The deployment challenge#

A specific challenge arises during deployment: when working with technologies that are not fully understood, productive deployment becomes significantly more difficult. It is therefore advisable to choose technologies in the specifications that have already been successfully operated and whose effects, advantages and disadvantages in operation are known.

This aspect becomes particularly relevant with the increasing amount of ‘casual code’: even temporary or experimental tools often have to run somewhere – and the question of appropriate deployment strategies for many small, short-lived applications arises anew.

Implications for IT organisations#

The opportunities observed also raise additional questions for IT organisations:

Development processes: How can rapid prototyping with LLMs be integrated into existing development processes?

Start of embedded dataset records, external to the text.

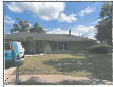
1003 SHEFFIELD COURT, WINTER PARK, FLORIDA 32792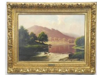
Lot # 14

14 Oil on Canvas signed F. Chwala, 20 3/4 x 31", "Riverscape in Dwindling Sun".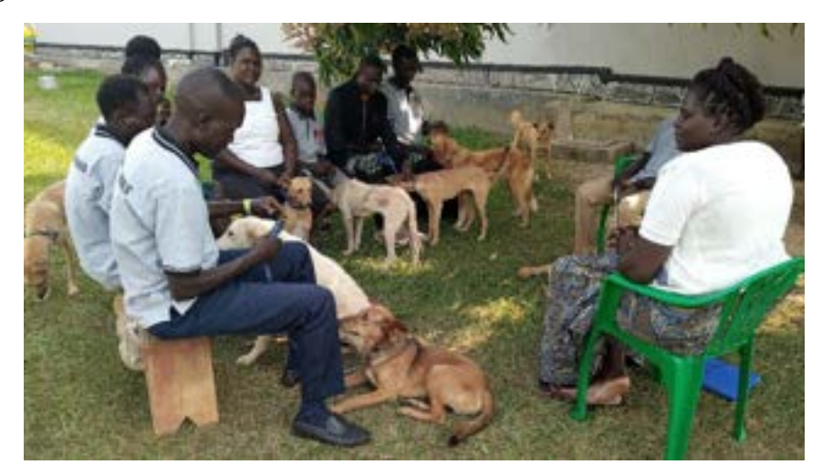
Group counseling session during one of the guardian meetings , 2023

We maintained an emergency food bank for guardians who needed support to provide adequate food to their dogs and themselves.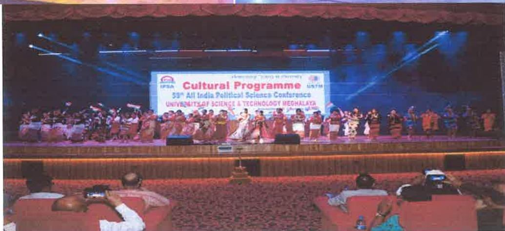
Glimpses of the Cultural Program on 59 th All India Political Science Conference

Registrar University of Science & Technology, Meghalaya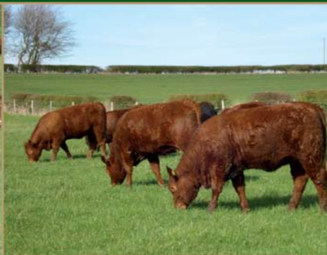
Superb Bulling Heifers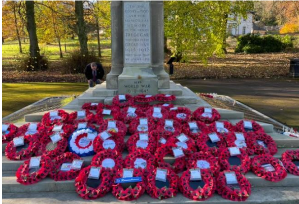
Remembrance Parade and Service – 10 th November, 2024 Cenotaph, Bedwellty Park ( support role only )

Christmas Light switch-on – 29 th November, 2024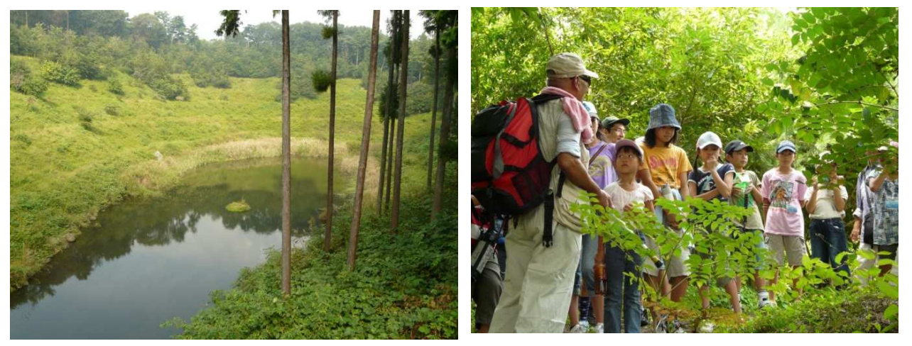
See whole articles here:

What is Sanden Forest : visit our Web-site <u>here</u>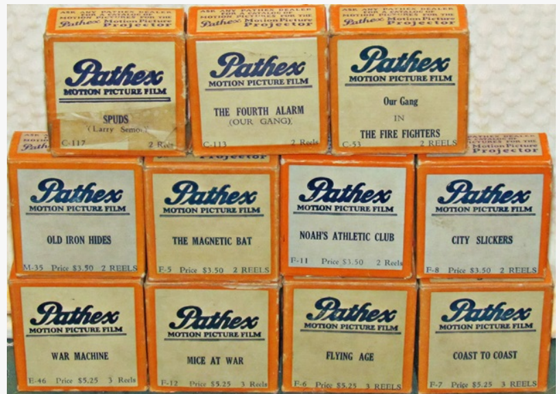
Early Panthex films including Our Gang , Charlie Chaplin and more will be sold.

Numismatists will be happy to know that coins will be sprinkled into the auction every third lot, beginning with lot #23a (a group of nine early U.S. cents – a 1908-S Indian head and the rest early Lincoln head cents). Most of the coins in the auction will be U.S. silver coins, to include some Morgan silver dollars, very popular with collectors. Most coins will be sold as single lots.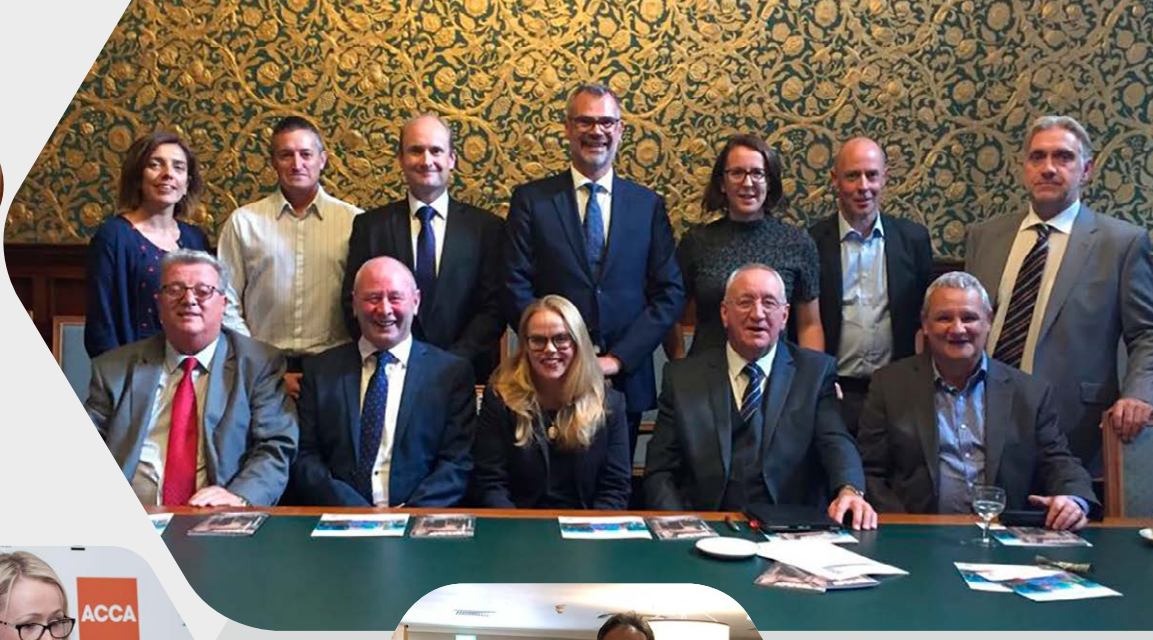
CEO of CITB meets FMB Scotland Board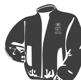
College Sports Spray Jacket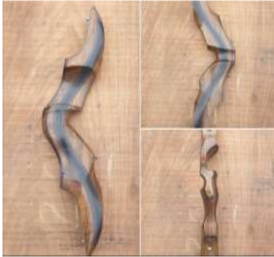
SN5631 19" RH. Shedua with Phenolic Centre. Red Accents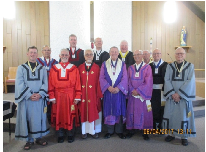
Council 7991 - Welcomes the 2017-18' Executive Council. Installation of Officers took place on June 4th following the 10.30 AM Mass.

What quality standards apply to exploratory code?

Skills development: Which qualifications are becoming more important, and which are becoming less relevant? How do you qualify subject matter experts to develop specialised tools in their domain?

Deployment and operation: How do you deal with the increasing amount of ‘casual code’? Which infrastructure strategies are appropriate for many small tools?

Governance: Which guidelines apply to LLM-developed code? How do you evaluate its quality and security?

Conclusion#

The series of experiments shows that LLM-supported development is not a substitute for professional software development, but rather a supplement for exploratory phases, rapid prototyping and the quick validation of tool ideas. The significant time savings – from days to hours – are real and reproducible, but currently still require specific methodological skills and an understanding of architecture.

The democratisation of coding follows historical patterns: just as digital music production, photography and video editing made studios and darkrooms more accessible without replacing professionals, LLM-supported coding will enable a broader user base to develop functional tools – while professional development focuses on more complex, critical systems. Currently, IT professionals with architectural experience still have an advantage, but accessibility is expected to continue to increase.

The future lies not in either/or, but in the differentiated use of different development approaches for different requirement contexts. The systematic exploration of these boundaries and possibilities remains an important task for IT organisations – as does the development of appropriate strategies for quality assurance, deployment and governance of the emerging ‘casual code’.